## Sunday, February 24, 2013

### The Expected Draws to Sum over One.

Q: You have a random number generator that creates random numbers exponentially between $$[0,1]$$. You draw from this generator and keep adding the result. What is the expected number of draws to get this sum to be greater than 1.

Fifty Challenging Problems in Probability with Solutions (Dover Books on Mathematics)

A: Before getting into the solution for this, I'll go over an established theorem of exponential distributions.

If there exists two random variables which follow a exponential distribution with parameters $$\lambda_1$$ and $$\lambda_2$$ then their sum is given by the convolution of the two probability density functions. This is shown as

$$P(z = X_1 + X_2) = f_{z}(z) = \sum_{x=0}^{z}f_{X_{1}}(x) f_{X_{2}}(z - x)$$

The probability density function of a distribution with rate parameter $$\lambda$$ is given as

$$f(k,\lambda) = \frac{\lambda^{k}e^{-\lambda}}{k!}$$

Plugging this into the convolution formula gives us

$$f_{z}(z) = \sum_{x=0}^{z}\frac{\lambda_{1}^{x}}{x!}e^{-\lambda_{1}}\times \frac{\lambda_{2}^{z-x}}{(z-x)!}e^{-\lambda_2}$$

With some rearrangement of the terms the above simplifies to (hint: multiply & divide by $$z!$$ and use the binomial expansion of $$(\lambda_1+\lambda_2)^{z}$$ )

$$\frac{(\lambda_1 + \lambda_2)^{z}}{z!}$$

which is the same as Poisson($$\lambda_1 + \lambda_2$$). Coming back to the problem, we want to find $$n$$ such that $$\lambda_1 + \lambda_2 + \ldots + \lambda_n = 1$$ and as we draw the sum just once we can set $$k= 1$$ in the probability density equation. This results in a probability density function

$$P(k=1,\lambda_1 + \lambda_2 + \ldots + \lambda_n=1) = \frac{1^1 e^{-1}}{1!} = \frac{1}{e}$$

Which in turn implies that the number of draws needed to get the sum to 1 is $$e$$. This fundamental number surfaces again!

Some good books to learn probability

Introduction to Algorithms
This is a book on algorithms, some of them are probabilistic. But the book is a must have for students, job candidates even full time engineers & data scientists

Introduction to Probability Theory

An Introduction to Probability Theory and Its Applications, Vol. 1, 3rd Edition

The Probability Tutoring Book: An Intuitive Course for Engineers and Scientists (and Everyone Else!)

Introduction to Probability, 2nd Edition

The Mathematics of Poker
Good read. Overall Poker/Blackjack type card games are a good way to get introduced to probability theory

Let There Be Range!: Crushing SSNL/MSNL No-Limit Hold'em Games
Easily the most expensive book out there. So if the item above piques your interest and you want to go pro, go for it.

Quantum Poker
Well written and easy to read mathematics. For the Poker beginner.

Bundle of Algorithms in Java, Third Edition, Parts 1-5: Fundamentals, Data Structures, Sorting, Searching, and Graph Algorithms (3rd Edition) (Pts. 1-5)
An excellent resource (students/engineers/entrepreneurs) if you are looking for some code that you can take and implement directly on the job.

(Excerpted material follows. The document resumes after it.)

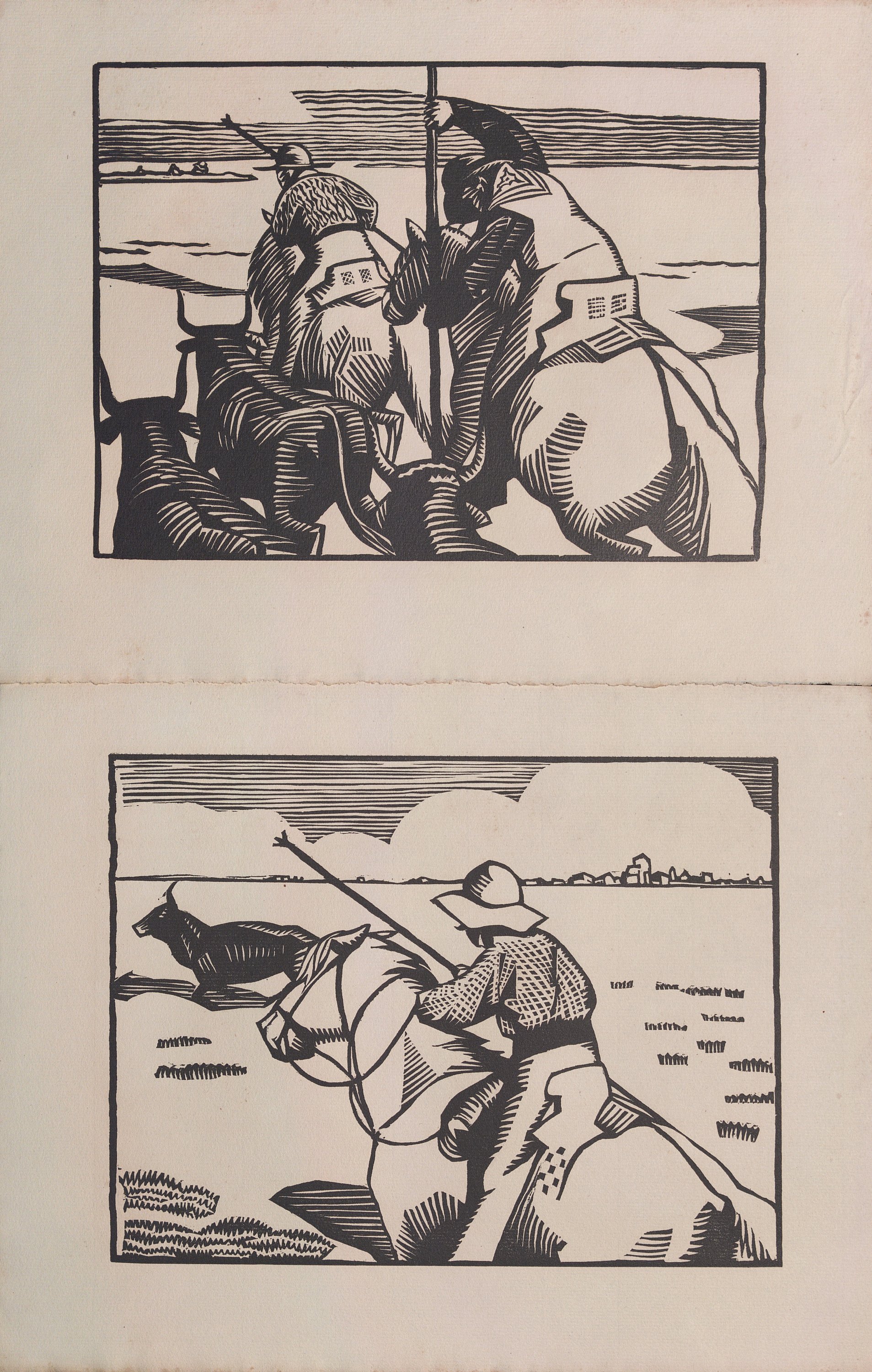 8 scènes sur le thème de la Camargue gravées sur papier épais : taureaux, gardians et tauromachie, vers 1930, env. 25 x 32 cm. Hermann-Paul s’installa à la fin de sa vie aux Saintes-Maries-de-la-Mer, retrouvant ses racines provençales et son amour pour la Camargue, auprès de ses amis manadiers le poète Joseph d’Arbaud et l’écrivain Folco de Baroncelli-Javon ;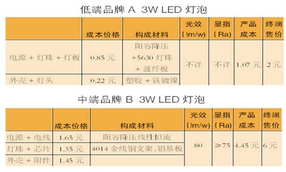 中端3WLED燈泡的材料是阻容降壓線性恒流的電源電線,4014金線銅支架、鋁基板,成本價(jià)比低端產(chǎn)品的高出了3倍,80lm/w的光效等參數(shù)皆有。明顯的中端產(chǎn)品各部件材料價(jià)格都比低端產(chǎn)品高出幾倍,從而終端售價(jià)也高了4元。

Understanding Probability: Chance Rules in Everyday Life A bit pricy when compared to the first one, but I like the look and feel of the text used. It is simple to read and understand which is vital especially if you are trying to get into the subject

Data Mining: Practical Machine Learning Tools and Techniques, Third Edition (The Morgan Kaufmann Series in Data Management Systems) This one is a must have if you want to learn machine learning. The book is beautifully written and ideal for the engineer/student who doesn't want to get too much into the details of a machine learned approach but wants a working knowledge of it. There are some great examples and test data in the text book too.

Discovering Statistics Using R
This is a good book if you are new to statistics & probability while simultaneously getting started with a programming language. The book supports R and is written in a casual humorous way making it an easy read. Great for beginners. Some of the data on the companion website could be missing.

1. numero=zeros(10000000,1);

for j=1:10000000

suma=0;

i=0;

while(suma<1)
i = i + 1;
suma = suma +rand;

end

numero(j)=i;

end

mean(numero)-exp(1)

¬ 1e-4

2. Thanks for fixing the type of distribution. Do you know what the result might be if it were indeed a uniform distribution, or is there any difference? I followed Enrique in testing this programatically and encountered the same result, but I thought that random number generators for most languages pick numbers uniformly. Admittedly I've made zero effort in answering my own questions, this was just a passing wonder.

3. Its the same if it were uniform. The simplex way is the popular "text-book" way out there. I think something can be done for the uniform distribution case by observing that the natural log of a uniform random variable is exponentially distributed. But I'ven't given it much thought yet.